* _What needs to be done_
In the entries below, begin at the line that has "TWOTWINSTYLE Striped Two", stop after the line that has "Double-strand bracelet with", and output those lines exactly with no pictures.

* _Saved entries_

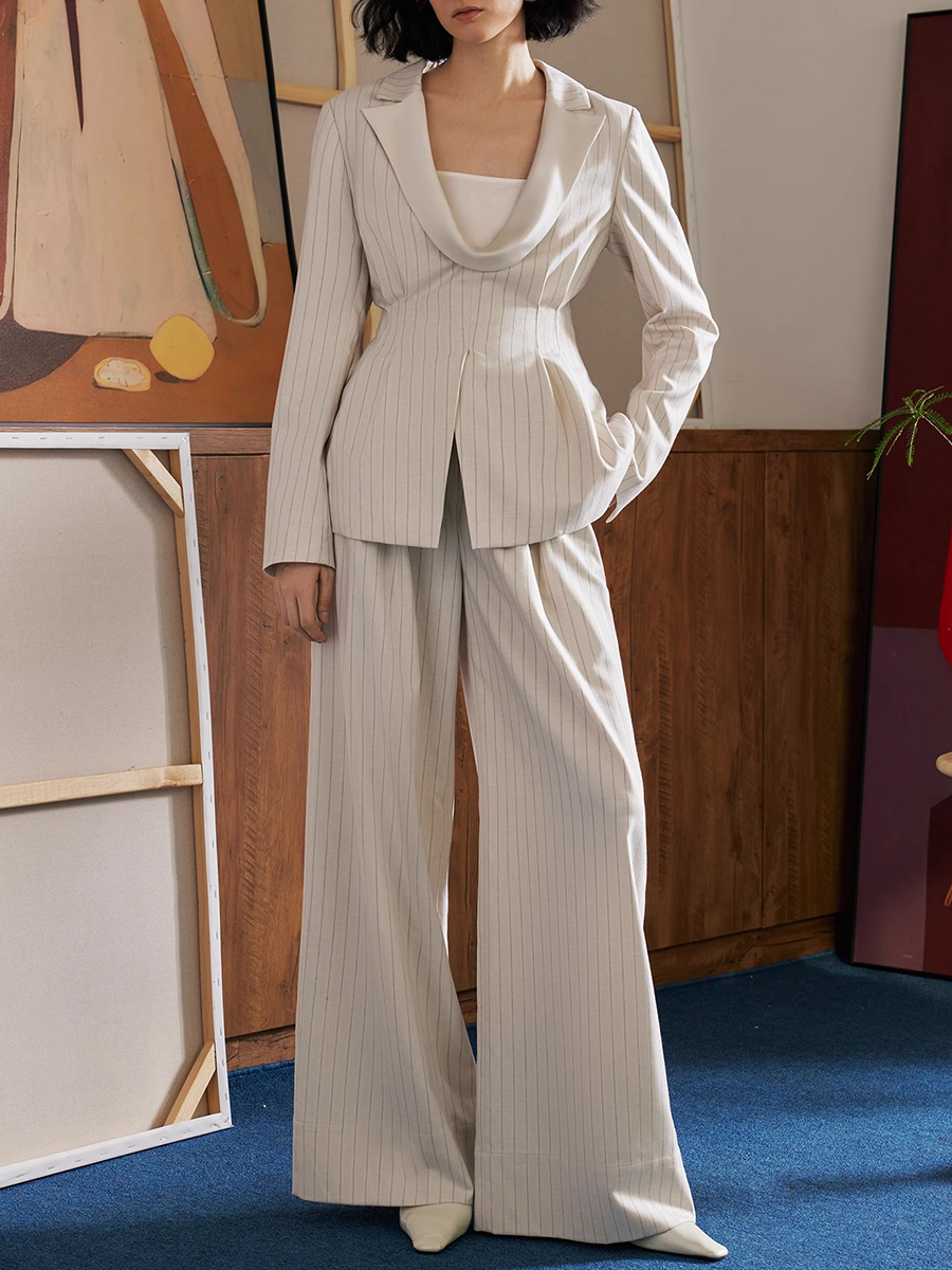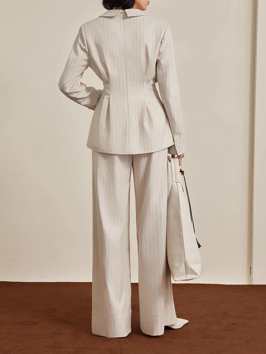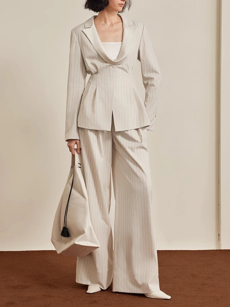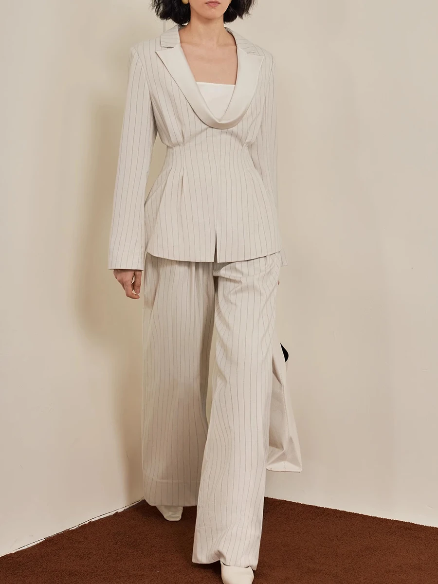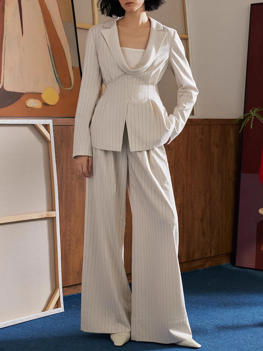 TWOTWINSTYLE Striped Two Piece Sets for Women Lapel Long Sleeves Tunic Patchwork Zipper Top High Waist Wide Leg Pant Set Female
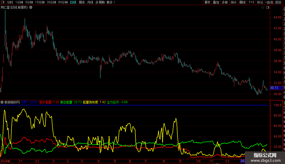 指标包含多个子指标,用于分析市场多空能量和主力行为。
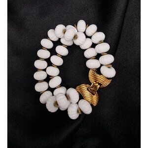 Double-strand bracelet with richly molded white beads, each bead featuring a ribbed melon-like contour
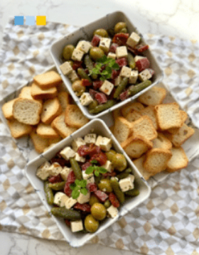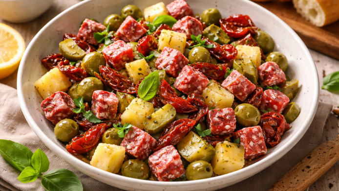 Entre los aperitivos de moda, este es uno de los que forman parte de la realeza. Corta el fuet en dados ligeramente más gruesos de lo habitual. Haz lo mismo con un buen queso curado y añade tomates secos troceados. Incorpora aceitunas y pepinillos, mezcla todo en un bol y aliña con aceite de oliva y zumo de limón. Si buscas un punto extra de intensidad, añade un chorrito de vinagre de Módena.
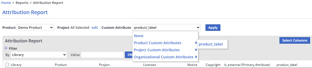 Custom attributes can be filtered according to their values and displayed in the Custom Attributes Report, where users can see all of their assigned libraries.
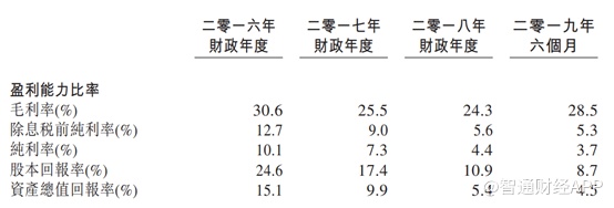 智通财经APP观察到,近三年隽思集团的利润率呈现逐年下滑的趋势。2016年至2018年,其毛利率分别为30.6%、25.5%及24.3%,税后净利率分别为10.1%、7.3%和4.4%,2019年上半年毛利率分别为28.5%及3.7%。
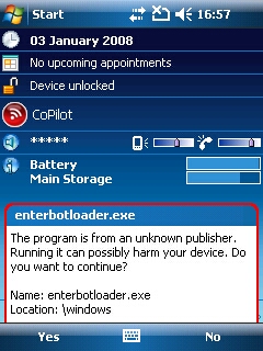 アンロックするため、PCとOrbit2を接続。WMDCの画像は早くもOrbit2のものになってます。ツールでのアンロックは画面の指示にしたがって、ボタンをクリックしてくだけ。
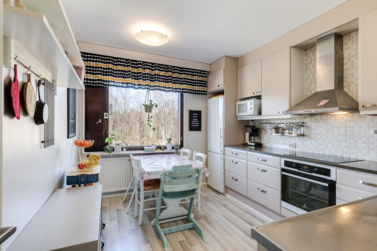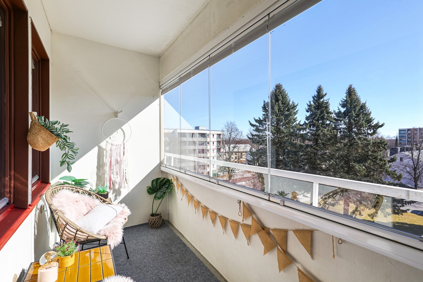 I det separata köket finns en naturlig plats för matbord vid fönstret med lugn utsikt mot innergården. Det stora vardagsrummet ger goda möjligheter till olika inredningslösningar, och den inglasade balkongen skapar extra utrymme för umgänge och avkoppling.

...

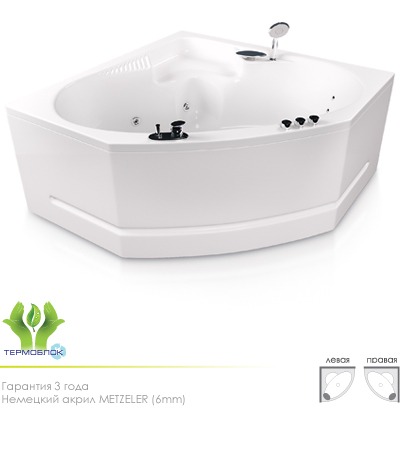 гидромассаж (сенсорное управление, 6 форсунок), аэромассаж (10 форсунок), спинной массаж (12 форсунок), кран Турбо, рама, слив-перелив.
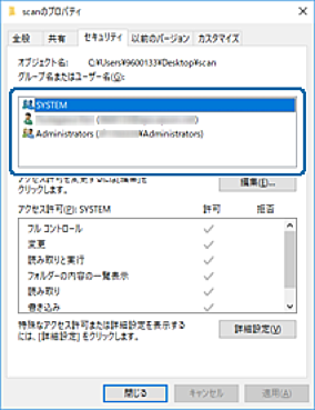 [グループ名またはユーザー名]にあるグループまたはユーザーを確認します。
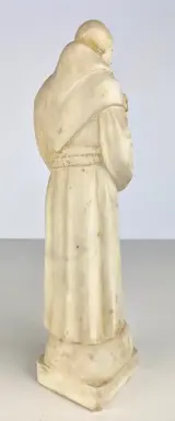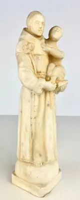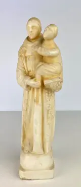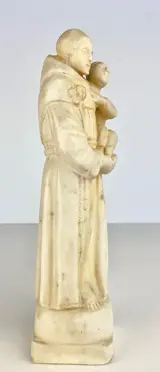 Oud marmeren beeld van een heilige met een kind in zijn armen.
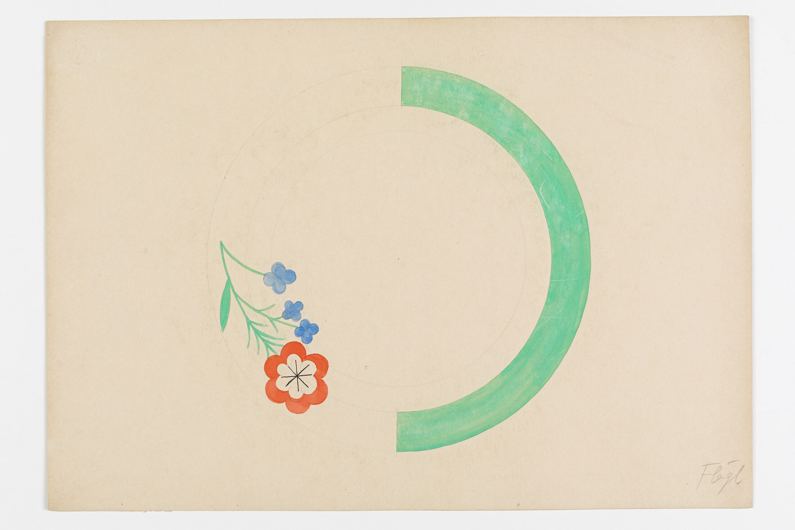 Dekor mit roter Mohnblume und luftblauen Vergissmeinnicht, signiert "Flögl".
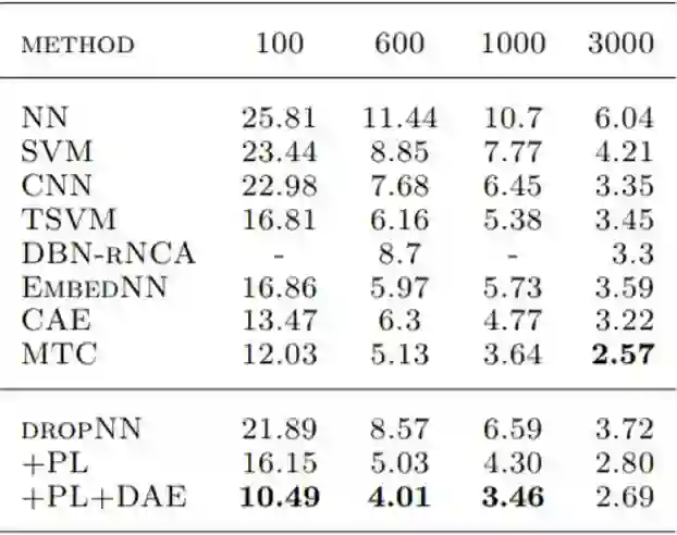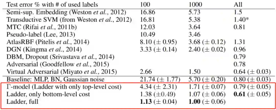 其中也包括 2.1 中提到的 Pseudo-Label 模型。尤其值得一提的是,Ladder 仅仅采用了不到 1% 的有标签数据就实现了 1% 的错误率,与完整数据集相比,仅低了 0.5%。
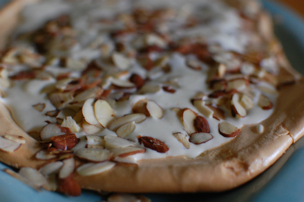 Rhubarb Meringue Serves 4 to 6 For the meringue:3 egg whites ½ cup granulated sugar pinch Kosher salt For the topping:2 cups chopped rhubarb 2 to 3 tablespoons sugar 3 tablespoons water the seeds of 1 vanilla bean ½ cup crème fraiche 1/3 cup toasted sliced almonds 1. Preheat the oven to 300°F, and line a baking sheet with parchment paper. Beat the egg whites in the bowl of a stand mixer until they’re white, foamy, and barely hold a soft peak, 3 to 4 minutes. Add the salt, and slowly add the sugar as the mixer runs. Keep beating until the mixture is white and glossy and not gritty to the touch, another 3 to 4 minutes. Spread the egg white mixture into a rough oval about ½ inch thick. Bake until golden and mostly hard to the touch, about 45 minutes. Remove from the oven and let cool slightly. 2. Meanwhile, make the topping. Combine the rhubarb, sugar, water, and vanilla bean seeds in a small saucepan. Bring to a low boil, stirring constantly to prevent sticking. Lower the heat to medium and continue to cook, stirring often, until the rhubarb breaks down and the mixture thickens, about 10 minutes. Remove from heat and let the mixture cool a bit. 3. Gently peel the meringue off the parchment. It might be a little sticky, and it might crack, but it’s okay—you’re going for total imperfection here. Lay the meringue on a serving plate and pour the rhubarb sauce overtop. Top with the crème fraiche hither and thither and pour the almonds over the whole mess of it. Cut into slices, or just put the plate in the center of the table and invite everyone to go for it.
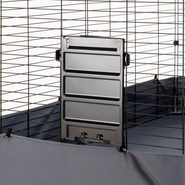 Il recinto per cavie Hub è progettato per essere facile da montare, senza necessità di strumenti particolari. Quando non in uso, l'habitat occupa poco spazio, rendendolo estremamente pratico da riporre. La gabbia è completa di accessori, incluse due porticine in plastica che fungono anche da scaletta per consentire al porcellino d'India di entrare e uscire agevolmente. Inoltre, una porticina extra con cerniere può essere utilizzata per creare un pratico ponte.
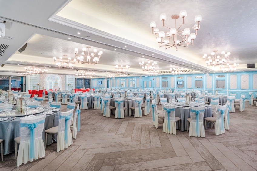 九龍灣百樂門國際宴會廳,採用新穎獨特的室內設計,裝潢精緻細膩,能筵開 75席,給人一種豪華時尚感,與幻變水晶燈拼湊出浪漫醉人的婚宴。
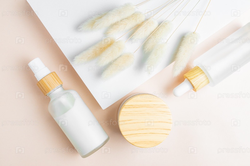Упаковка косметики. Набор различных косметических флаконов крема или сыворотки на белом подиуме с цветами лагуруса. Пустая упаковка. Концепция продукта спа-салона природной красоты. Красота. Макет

* _Answer to the problem_
 TWOTWINSTYLE Striped Two Piece Sets for Women Lapel Long Sleeves Tunic Patchwork Zipper Top High Waist Wide Leg Pant Set Female
 指标包含多个子指标,用于分析市场多空能量和主力行为。
 Double-strand bracelet with richly molded white beads, each bead featuring a ribbed melon-like contour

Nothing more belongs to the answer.